TASK INSTRUCTIONS:
Extract from the entries below, exactly as given, only the lines from the line containing "Комплекс включает банкетный" to the line containing "8351 ogbl K1", both lines included.

DATA PROVIDED:
# # # # #

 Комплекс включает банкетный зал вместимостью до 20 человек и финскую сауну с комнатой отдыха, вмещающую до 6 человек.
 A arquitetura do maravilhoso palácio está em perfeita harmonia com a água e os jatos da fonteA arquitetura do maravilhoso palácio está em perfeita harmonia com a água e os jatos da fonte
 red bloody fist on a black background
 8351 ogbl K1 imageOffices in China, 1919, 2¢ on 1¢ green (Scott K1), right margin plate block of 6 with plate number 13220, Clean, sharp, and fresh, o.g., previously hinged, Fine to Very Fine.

# # # # #

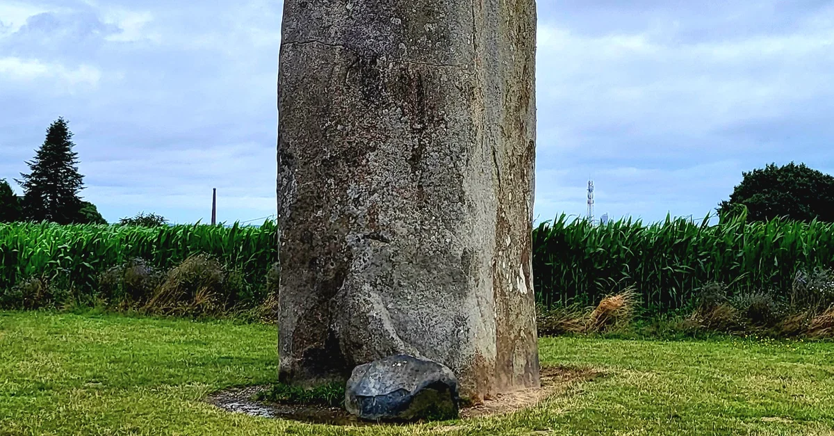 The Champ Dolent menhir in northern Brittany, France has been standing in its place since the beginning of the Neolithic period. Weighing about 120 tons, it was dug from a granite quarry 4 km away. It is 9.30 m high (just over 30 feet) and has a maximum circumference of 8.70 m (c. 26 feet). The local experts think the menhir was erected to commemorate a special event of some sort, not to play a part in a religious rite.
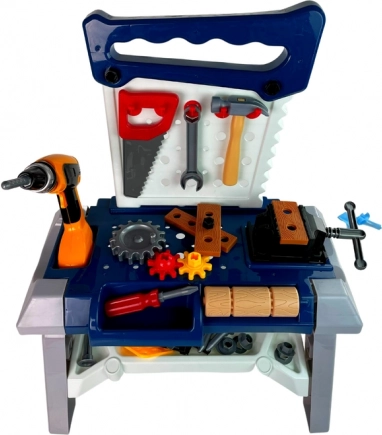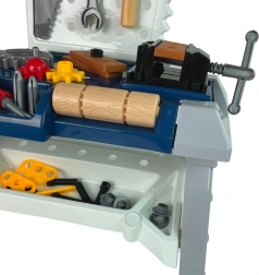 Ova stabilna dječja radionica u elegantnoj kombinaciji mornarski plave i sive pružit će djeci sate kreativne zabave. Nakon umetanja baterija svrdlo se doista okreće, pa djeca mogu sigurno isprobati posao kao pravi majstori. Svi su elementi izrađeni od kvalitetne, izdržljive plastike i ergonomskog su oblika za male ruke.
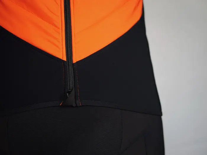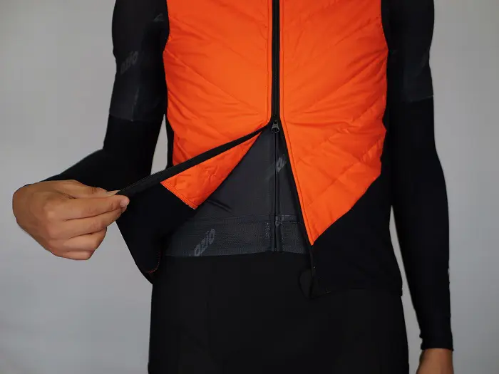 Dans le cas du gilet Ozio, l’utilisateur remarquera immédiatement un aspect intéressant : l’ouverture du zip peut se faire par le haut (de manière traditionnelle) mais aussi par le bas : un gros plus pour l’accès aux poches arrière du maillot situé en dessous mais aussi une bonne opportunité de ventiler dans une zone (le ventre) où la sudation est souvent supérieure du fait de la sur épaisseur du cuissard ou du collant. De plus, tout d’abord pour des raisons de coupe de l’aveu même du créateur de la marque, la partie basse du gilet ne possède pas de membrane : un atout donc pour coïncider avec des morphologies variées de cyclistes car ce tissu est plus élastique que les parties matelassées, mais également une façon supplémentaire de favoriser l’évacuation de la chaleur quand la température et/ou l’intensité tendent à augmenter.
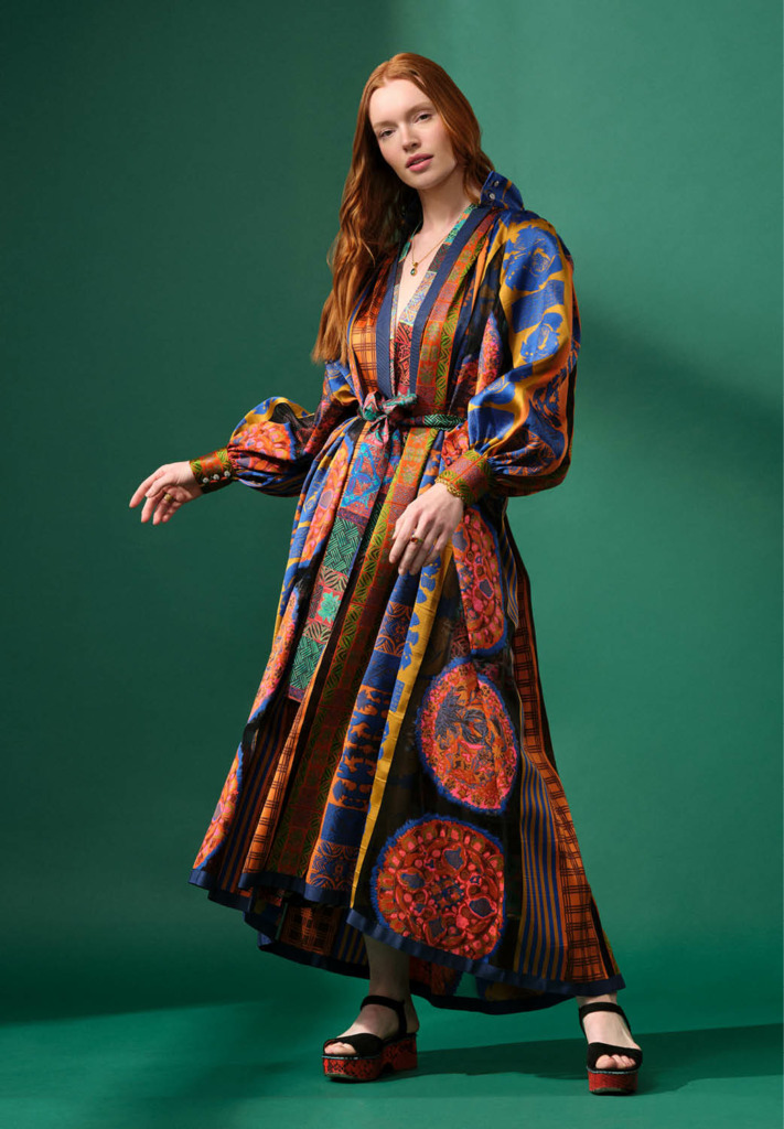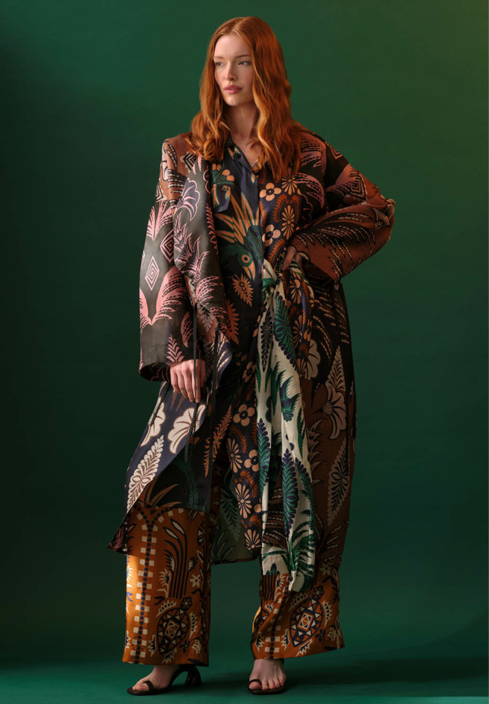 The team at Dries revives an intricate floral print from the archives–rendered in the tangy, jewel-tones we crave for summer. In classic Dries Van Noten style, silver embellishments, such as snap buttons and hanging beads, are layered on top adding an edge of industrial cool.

# # # # #

TASK OUTPUT:
 Комплекс включает банкетный зал вместимостью до 20 человек и финскую сауну с комнатой отдыха, вмещающую до 6 человек.
 A arquitetura do maravilhoso palácio está em perfeita harmonia com a água e os jatos da fonteA arquitetura do maravilhoso palácio está em perfeita harmonia com a água e os jatos da fonte
 red bloody fist on a black background
 8351 ogbl K1 imageOffices in China, 1919, 2¢ on 1¢ green (Scott K1), right margin plate block of 6 with plate number 13220, Clean, sharp, and fresh, o.g., previously hinged, Fine to Very Fine.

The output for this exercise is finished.